In all kinds of circumstances it would be very useful to call an
external filter to process some data, and read the results back in.
What I needed was something like popen(), only working for both
reading and writing. However, such a thing is hard to write in a
simple-minded fashion because of deadlocks that occur when handling
more than several bytes of data. Deadlocks can either be caused by
both programs waiting for not-yet-generated input, or (in my case) by
both their writes being blocked waiting for the other to read.

The usual choices are to:

a) Write a deadlock-free communication protocol and use it on both
ends. This is rarely a good solution, because the program that
needs to be invoked is in most cases an external filter that knows
nothing about our deadlock problems.

b) Use PTY's instead of pipes. Many programmers prefer to avoid this
path because of the added system resources that the PTY's require,
and because of the increased complexity.

Given these choices, most people opt to use a temporary file and get
it over with.

However, discussing this problem with a colleague, he thought of a
third solution: break the circularity by using a process only for
reading and writing. This can be done whenever reading and writing
are independent, i.e. when the data read from the subprocess does not
influence future writes to it.

The function below implements that idea. Usage is something like:

rwpopen("""Some long string here...""", "sed", ["s/long/short/"])
-> 'Some short string here...'

I've put the function to good use in a program I'm writing. In
addition to getting rid of temporary files, the whole operation timed
faster than using a tmpfile (that was on a single-CPU machine). The
function will, of course, work only under Unix and its lookalikes.
Additional information is embedded in the docstring and the comments.
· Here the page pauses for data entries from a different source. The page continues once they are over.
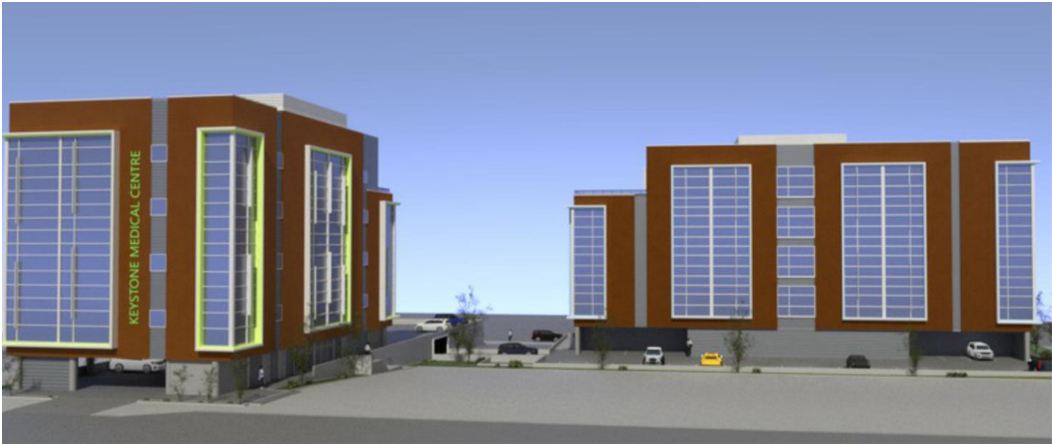
1 VIEW FROM NORTH-WEST ALONG DUFFERIN CRESCENT
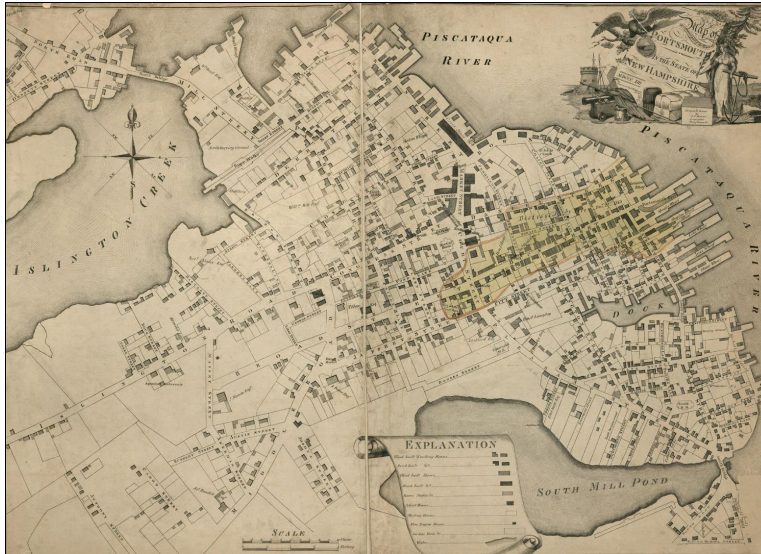
Figure 1. 1813 map of Portsmouth; area highlighted in yellow was destroyed in the Fire of 1813 (Hales 1813).
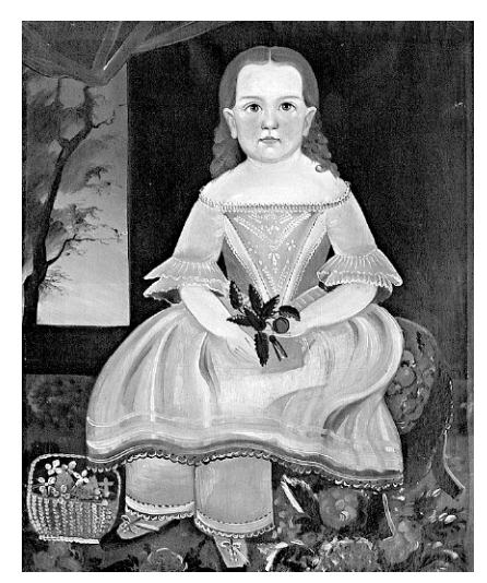
Figure 6. Portrait of a child, oil on canvas, 27½" x 22½", signed on left shoe "S.J. Hamblen," auctioned twice by Sotheby's. Owner unknown. Photo courtesy

portrait to a member of the group. The best option, placing the painting in question next to one for whom the artist is known and then comparing, is usually difficult because of disparities of ownership and geographic locations. But because artist of the group did sign some paintings that still exist, by looking for specific features in those paintings and then checking other paintings attributed to the same artist to see if those features are common throughout the artist's work, it is possible to pinpoint some specific details that can suggest which artist did which painting. Many of these details are known to professionals in the field of folk art. Showing some of them in black and white when they might be better depicted in color may be difficult, but we will try.
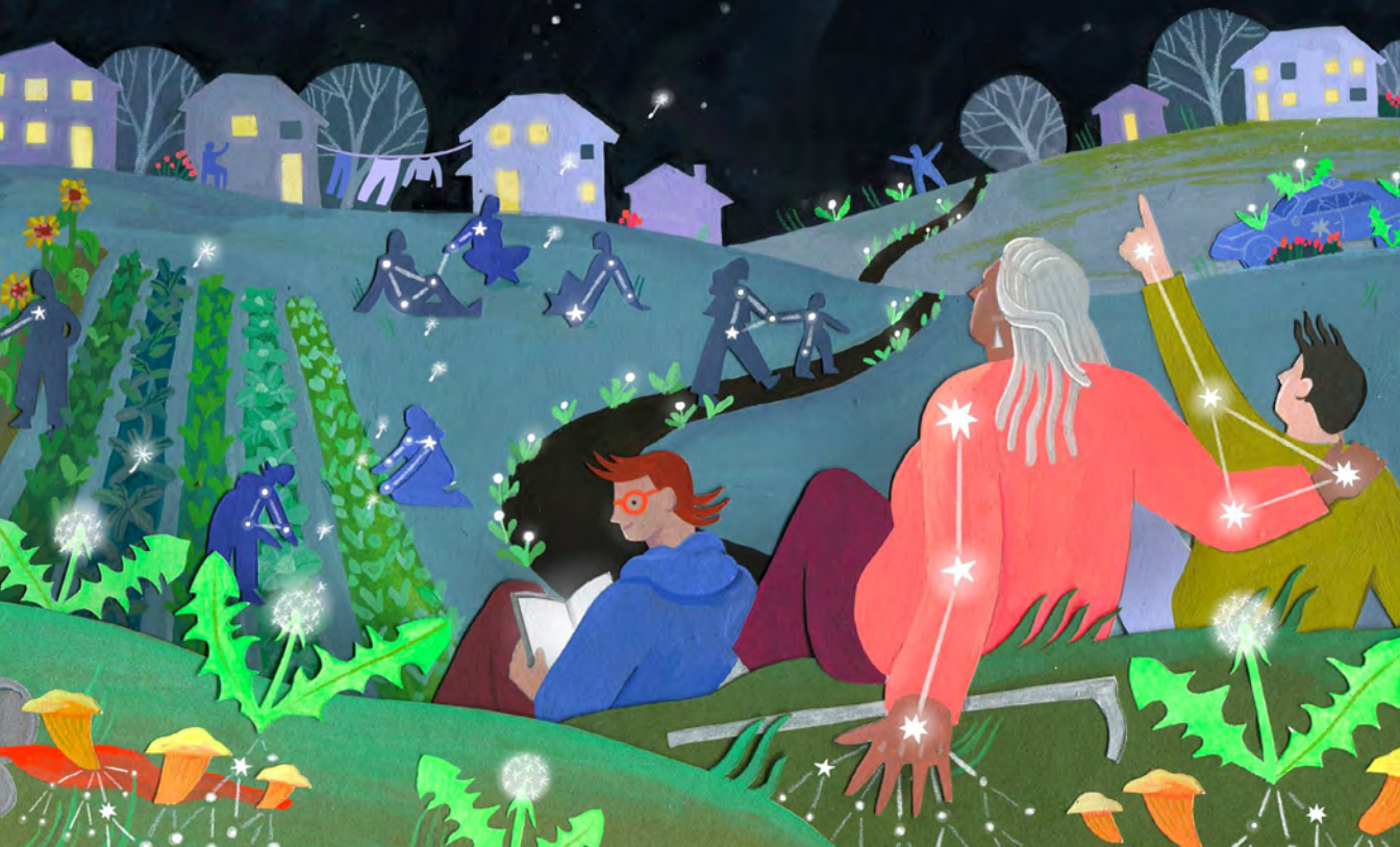
ILLUSTRATION: MOLLY COSTELLO

I'd like to hear feedback. Do other people find such a thing useful?
Is there a fundamental flaw or a possibility of a deadlock that I'm
missing?


def rwpopen(input, command, args=[]):
"""Execute command with args, pipe input into it, and read it back.
Return the result read from the command.

Normally, when a process tries to write to a child process and
read back its output, a deadlock condition can occur easily,
either by both processes waiting for not-yet-generated input, or
by both their writes() being blocked waiting for the other to
read.

This function prevents deadlocks by using separate processes for
reading and writing, at the expense of an additional fork(). That
way the process that writes to an exec'ed command and the process
that reads from the command are fully independent, and no deadlock
can occur. The child process exits immediately after writing.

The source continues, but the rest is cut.